6.828 笔记8

date: 2019-03-02
tags: OS 6.828

这里会记录阅读6.828课程lecture note的我的个人笔记。可能会中英混杂，不是很适合外人阅读，也请见谅。

Lecture 9: Locking

lock的简单抽象：

  lock l
  acquire(l)
    x = x + 1 -- "critical section"
  release(l)

lock就是一个object，如果多个线程调用acquire，只有一个thread能拿到，其他的就需要等待release。

程序经常有很多数据，也就对应很多锁，不同的数据对应不同的锁。不过注意，锁并不是和数据绑定的，而是在和数据相关的critical region使用的。

那我们什么时候需要锁呢？

当2个或更多的线程触及到内存时。
当至少一个线程写入时。

执行上述的规则时，太过保守或是太过自由都不好。有的时候故意有一些race没关系。

那我们能不能自动加锁呢？比如说每个数据都自动的和一个锁相连。

这样太死板，会出现问题，比如说rename("d1/x", "d2/y")，实行的步骤就会是

lock d1, erase x, unlock d1
lock d2 add y unlock d2

这样会导致有一段时间文件消失了，那么信息也就没了...我们需要的是：

lock d1; lock d2;
erase x, add y
unlock d2; unlock d1

也就是说程序员需要能够控制中间过程。

我们可以把锁想想成如下几点：

avoid lost update
create atomic multi-step operations -- hide intermediate states
maintain invariants on a data structure

deadlock

对于上面的那个rename，对于有2个锁的方案，如果同时运行rename(d1/x, d2/y)和rename(d2/a, d1/b)就会发生死锁。

解决方案就是让程序员给所有的锁制定一个顺序，并让代码遵循这个顺序。显然这是很复杂的。。。
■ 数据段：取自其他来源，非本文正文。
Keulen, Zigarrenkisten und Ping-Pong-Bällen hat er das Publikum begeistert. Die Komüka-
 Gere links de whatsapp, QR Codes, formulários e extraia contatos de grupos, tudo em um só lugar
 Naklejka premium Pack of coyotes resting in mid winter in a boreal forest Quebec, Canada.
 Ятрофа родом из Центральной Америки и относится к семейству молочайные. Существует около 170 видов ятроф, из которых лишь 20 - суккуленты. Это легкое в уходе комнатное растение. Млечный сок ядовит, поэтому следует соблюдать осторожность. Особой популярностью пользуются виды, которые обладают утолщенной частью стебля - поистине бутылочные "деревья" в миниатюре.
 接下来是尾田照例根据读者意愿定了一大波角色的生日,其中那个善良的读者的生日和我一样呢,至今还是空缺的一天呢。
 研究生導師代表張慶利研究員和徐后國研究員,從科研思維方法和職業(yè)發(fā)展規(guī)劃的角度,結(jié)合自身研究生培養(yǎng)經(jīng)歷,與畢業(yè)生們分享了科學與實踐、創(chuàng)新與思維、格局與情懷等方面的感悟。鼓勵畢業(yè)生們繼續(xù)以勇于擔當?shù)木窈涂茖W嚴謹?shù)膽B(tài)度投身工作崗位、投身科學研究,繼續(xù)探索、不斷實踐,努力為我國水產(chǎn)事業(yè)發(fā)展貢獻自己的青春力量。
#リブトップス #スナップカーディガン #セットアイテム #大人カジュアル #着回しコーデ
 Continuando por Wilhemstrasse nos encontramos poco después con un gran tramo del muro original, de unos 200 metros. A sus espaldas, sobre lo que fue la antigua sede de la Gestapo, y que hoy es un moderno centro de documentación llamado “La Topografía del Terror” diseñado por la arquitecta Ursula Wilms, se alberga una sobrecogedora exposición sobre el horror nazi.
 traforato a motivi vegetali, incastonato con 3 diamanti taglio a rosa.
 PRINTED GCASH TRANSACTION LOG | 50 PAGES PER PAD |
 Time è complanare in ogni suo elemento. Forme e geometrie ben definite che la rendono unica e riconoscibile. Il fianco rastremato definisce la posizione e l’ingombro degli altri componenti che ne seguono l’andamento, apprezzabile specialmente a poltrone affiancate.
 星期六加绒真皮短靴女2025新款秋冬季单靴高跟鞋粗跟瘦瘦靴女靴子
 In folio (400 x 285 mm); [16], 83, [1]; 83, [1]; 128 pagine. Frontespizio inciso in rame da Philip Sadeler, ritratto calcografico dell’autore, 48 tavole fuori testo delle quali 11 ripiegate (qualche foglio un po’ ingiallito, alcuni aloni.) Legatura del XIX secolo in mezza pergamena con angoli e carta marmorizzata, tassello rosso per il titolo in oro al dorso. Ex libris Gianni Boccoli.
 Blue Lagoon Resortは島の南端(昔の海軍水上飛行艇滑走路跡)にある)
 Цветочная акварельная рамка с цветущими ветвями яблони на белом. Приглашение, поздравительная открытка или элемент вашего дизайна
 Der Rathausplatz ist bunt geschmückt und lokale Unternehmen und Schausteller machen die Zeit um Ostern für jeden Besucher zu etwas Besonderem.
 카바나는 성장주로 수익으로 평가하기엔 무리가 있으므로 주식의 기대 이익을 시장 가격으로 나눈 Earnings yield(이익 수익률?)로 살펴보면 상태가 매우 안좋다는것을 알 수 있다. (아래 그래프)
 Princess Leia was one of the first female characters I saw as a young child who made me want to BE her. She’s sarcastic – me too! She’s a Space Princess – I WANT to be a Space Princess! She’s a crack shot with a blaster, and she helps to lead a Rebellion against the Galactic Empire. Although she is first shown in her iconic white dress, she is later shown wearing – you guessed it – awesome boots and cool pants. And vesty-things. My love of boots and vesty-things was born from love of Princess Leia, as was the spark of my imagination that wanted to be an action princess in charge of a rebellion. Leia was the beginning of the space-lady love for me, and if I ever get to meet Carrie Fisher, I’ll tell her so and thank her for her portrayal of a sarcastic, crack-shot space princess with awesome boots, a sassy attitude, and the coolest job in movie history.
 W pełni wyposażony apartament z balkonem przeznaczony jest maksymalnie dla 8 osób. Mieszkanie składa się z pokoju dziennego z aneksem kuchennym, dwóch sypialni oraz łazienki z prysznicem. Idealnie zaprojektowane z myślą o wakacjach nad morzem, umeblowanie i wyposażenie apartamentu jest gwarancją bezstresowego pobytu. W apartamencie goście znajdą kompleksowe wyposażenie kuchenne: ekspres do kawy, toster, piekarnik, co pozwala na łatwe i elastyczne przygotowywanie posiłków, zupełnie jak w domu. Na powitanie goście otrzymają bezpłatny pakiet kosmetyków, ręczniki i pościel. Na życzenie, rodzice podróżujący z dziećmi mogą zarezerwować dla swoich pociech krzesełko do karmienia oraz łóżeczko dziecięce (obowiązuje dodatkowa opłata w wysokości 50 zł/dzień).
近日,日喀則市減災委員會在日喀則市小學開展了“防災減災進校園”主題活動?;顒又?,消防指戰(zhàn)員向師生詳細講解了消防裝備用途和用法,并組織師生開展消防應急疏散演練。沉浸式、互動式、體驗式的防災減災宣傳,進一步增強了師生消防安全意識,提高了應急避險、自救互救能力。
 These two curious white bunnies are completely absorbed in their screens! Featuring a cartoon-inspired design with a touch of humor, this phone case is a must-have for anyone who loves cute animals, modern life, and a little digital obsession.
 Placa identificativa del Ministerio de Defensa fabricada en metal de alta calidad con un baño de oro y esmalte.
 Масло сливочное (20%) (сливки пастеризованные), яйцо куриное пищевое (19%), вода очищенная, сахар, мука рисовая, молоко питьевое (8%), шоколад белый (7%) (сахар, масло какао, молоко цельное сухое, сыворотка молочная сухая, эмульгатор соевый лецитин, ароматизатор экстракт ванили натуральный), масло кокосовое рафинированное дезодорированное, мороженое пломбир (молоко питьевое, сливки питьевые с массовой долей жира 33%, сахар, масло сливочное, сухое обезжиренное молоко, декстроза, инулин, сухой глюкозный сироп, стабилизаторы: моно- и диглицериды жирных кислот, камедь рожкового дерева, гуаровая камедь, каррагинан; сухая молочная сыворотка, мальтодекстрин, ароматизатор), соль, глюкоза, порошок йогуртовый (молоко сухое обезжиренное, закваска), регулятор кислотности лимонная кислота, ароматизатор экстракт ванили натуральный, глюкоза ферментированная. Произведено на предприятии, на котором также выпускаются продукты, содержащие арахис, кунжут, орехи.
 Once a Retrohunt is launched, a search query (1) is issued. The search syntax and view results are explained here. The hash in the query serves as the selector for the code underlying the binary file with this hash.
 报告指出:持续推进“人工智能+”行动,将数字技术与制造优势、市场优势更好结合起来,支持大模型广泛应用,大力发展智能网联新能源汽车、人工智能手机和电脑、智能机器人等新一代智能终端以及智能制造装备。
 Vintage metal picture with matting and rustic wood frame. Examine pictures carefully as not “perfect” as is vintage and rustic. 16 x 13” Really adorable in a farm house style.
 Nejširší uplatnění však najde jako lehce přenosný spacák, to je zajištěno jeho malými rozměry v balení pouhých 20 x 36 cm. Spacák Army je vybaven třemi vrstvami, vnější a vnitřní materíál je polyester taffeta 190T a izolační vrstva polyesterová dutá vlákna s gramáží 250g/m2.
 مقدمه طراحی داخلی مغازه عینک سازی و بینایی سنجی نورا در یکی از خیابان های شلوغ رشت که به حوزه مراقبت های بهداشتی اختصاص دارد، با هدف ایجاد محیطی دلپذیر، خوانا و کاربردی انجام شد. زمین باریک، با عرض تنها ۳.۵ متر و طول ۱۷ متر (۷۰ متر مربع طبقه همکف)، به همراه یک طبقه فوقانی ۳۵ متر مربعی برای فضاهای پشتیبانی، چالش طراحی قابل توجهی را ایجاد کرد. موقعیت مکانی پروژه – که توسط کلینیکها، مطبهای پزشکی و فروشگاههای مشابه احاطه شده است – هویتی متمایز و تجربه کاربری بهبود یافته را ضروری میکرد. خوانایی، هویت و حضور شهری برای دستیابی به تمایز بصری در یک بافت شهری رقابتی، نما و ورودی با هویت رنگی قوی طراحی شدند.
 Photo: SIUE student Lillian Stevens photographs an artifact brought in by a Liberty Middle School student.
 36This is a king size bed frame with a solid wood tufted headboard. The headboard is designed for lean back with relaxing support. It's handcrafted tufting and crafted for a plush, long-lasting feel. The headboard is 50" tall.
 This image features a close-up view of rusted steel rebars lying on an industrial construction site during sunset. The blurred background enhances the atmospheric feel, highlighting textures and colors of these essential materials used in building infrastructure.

lock vs modularity tradeoff

同时这个解决方案会出现一个tradeoff，因为为了避免死锁，我们需要知道函数里面是怎么上锁的。或者说locks are often not the provate business of individual modules。所以一些时候，我们就粗暴的在函数两端上锁来使其变为单线程运行的。

Locks and parallleism

锁实际上是在避免并行操作。而符合分割数据和锁，或者说设计"fine grained locks"是很难的。所以一般从一个单独的大锁开始，如果有需要再分为多个锁。

lock in xv6

比如ide.c，里面只有idelock这一个锁。

implement locks

下面的这种实现方法为什么不对呢？

  why not:
    struct lock { int locked; }
    acquire(l) {
      while(1){
        if(l->locked == 0){ // A
          l->locked = 1;    // B
          return;
        }
      }
    }

因为有两个程序先后运行到A，而从而都获取了锁。所以我们应该把A,B变得atomic

在x86中，有一个指令xchg就是用来做这个的，从而使得锁的实现变为：

  acquire(l){
    while(1){
      if(xchg(&l->locked, 1) == 0){
        break
      }
    }
  }

xv6的实际代码是（spinlock.c）：

void
acquire(struct spinlock *lk)
{
  pushcli(); // disable interrupts to avoid deadlock.
  if(holding(lk))
    panic("acquire");

  // The xchg is atomic.
  while(xchg(&lk->locked, 1) != 0)
    ;

  // Tell the C compiler and the processor to not move loads or stores
  // past this point, to ensure that the critical section's memory
  // references happen after the lock is acquired.
  __sync_synchronize();

  // Record info about lock acquisition for debugging.
  lk->cpu = mycpu();
  getcallerpcs(&lk, lk->pcs);
}

注意出了使用了xchg，还使用了pushcli，也就是关闭了中断机制，因为中断可能会导致死锁。

release的代码就简单的多：

void
release(struct spinlock *lk)
{
  if(!holding(lk))
    panic("release");

  lk->pcs[0] = 0;
  lk->cpu = 0;

  // Tell the C compiler and the processor to not move loads or stores
  // past this point, to ensure that all the stores in the critical
  // section are visible to other cores before the lock is released.
  // Both the C compiler and the hardware may re-order loads and
  // stores; __sync_synchronize() tells them both not to.
  __sync_synchronize();

  // Release the lock, equivalent to lk->locked = 0.
  // This code can't use a C assignment, since it might
  // not be atomic. A real OS would use C atomics here.
  asm volatile("movl $0, %0" : "+m" (lk->locked) : );

  popcli();
}

这里之所以要调用__sync_synchronize()，就是因为编译器可能会在优化的时候更改指令顺序。如，虽然我们写的是：

  Core A:          Core B:
    locked = 1
    x = x + 1      while(locked == 1)
    locked = 0       ...
                   locked = 1
                   x = x + 1
                   locked = 0

但是有可能会被优化为：

      locked = 1
      locked = 0
      x = x + 1

这样就让锁失效了。__sync_synchronize()就是有这样的作用，让编译器不会move a memory reference past it. 事实上xchg也会有同样的效果（intel保证的）。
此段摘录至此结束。